Put important information early and late. Research shows that LLMs pay strongest attention to the beginning and end of the context window. Information buried in the middle of a very long context is more likely to be missed. This is sometimes called the "lost in the middle" effect.
Structure long documents. If you are feeding a long document to an AI, add clear headings and structure. This helps the model's attention mechanisms find relevant sections even in a large context.

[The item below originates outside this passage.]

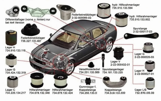 2. エンジンマウント:エンジンマウントに使用されているゴムブッシュは、エンジンの振動を効果的に遮断し、キャビンに伝わる騒音や不快感を最小限に抑えます。

Watch your costs. API pricing is per token — both input and output. A prompt with 10,000 tokens of context costs roughly 10 times more than a prompt with 1,000 tokens, even if the question is identical. With Claude Opus 4.7 at $5 per million input tokens and $25 per million output tokens, this adds up.
What is next
Now you know what the model predicts (the next token) and the memory it works within (the context window). But what happens when the patterns the model learned during training do not match reality? In the next lesson, we tackle the most important trust question: hallucinations — why they happen and how to catch them.
الرّموز ونافذة السّياق
الرّموز (tokens) ليست كلمات كاملة. هي قطع نصّيّة دون الكلمة يستعملها النّموذج كوحدات بناء. كلمة مثل "unhappiness" تصبح رمزين: "un" و"happiness". والعربيّة تُرمَّز بكفاءة أقلّ لأنّ معظم المُرمِّزات دُرِّبت أساسًا على الإنجليزيّة، فكلمة "يتعلّمون" قد تُقسَم إلى ثلاثة أو أربعة رموز. هذا يعني أنّ النّصوص العربيّة تستهلك مساحة أكبر من نافذة السّياق وتكلّف أكثر في واجهات البرمجة.
نافذة السّياق هي ذاكرة النّموذج العاملة. كلّ ما يراه — مطالبة النّظام، تاريخ المحادثة، رسالتك الحاليّة، والإجابة قيد التّوليد — يجب أن يتّسع فيها. Claude Opus 4.7 يتّسع لمليون رمز، لكنّ النّافذة تمتلئ أسرع ممّا تتوقّع، خاصّة في المحادثات الطّويلة. حين يُتجاوَز الحدّ تُحذَف الرّسائل الأقدم بصمت ويفقد النّموذج تعليماتك الأولى دون أن يُدرك ذلك.
الخلاصة العمليّة: اجعل مطالباتك مختصرة، ضع المعلومات المهمّة في البداية والنّهاية، وتذكّر أنّ كلّ رمز يُكلّف مالًا ومساحة ذاكرة.
Try it yourself
Open a tokenizer tool (like the one on platform.openai.com) and tokenize the same paragraph in English and Arabic. Compare the token counts. Most people are surprised by the difference.
Reflect
How does knowing about token counts change how you would structure a long prompt? Have you ever hit a context limit without realizing why?